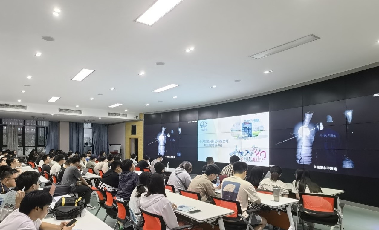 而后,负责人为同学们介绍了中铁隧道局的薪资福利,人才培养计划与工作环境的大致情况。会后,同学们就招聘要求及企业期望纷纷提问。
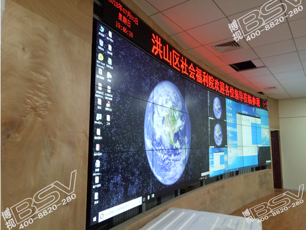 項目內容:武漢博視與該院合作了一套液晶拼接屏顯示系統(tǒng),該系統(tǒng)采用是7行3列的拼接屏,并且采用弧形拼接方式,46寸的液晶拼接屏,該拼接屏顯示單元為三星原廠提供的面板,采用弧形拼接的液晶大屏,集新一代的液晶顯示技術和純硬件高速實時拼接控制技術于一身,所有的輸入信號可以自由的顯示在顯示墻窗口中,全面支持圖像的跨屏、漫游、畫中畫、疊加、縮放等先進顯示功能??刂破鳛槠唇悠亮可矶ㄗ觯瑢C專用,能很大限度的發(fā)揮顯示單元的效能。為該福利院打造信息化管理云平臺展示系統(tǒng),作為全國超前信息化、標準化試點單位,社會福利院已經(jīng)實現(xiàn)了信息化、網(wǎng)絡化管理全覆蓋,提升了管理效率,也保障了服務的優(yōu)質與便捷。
...
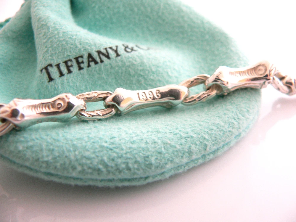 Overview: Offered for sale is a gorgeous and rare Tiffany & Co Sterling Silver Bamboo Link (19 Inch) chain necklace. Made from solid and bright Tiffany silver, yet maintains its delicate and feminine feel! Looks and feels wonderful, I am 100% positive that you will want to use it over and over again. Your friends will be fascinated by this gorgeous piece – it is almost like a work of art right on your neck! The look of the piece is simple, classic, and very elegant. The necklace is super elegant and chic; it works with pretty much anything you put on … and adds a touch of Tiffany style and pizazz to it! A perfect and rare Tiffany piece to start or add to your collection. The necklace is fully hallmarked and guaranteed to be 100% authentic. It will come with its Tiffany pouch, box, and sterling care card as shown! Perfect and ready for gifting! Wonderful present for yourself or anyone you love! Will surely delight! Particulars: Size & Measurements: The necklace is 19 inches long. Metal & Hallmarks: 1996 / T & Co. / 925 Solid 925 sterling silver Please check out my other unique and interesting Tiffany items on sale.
...
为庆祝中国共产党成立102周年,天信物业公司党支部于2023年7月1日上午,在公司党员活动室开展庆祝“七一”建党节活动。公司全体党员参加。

**WORK INSTRUCTION**
Starting with the line that has "而后,负责人为同学们介绍了中" and going on through the line that has "項目內容:武漢博視與該院合作", transcribe the records above exactly, but skip the pictures.

**COMPLETED TASK**
 而后,负责人为同学们介绍了中铁隧道局的薪资福利,人才培养计划与工作环境的大致情况。会后,同学们就招聘要求及企业期望纷纷提问。
 項目內容:武漢博視與該院合作了一套液晶拼接屏顯示系統(tǒng),該系統(tǒng)采用是7行3列的拼接屏,并且采用弧形拼接方式,46寸的液晶拼接屏,該拼接屏顯示單元為三星原廠提供的面板,采用弧形拼接的液晶大屏,集新一代的液晶顯示技術和純硬件高速實時拼接控制技術于一身,所有的輸入信號可以自由的顯示在顯示墻窗口中,全面支持圖像的跨屏、漫游、畫中畫、疊加、縮放等先進顯示功能??刂破鳛槠唇悠亮可矶ㄗ觯瑢C專用,能很大限度的發(fā)揮顯示單元的效能。為該福利院打造信息化管理云平臺展示系統(tǒng),作為全國超前信息化、標準化試點單位,社會福利院已經(jīng)實現(xiàn)了信息化、網(wǎng)絡化管理全覆蓋,提升了管理效率,也保障了服務的優(yōu)質與便捷。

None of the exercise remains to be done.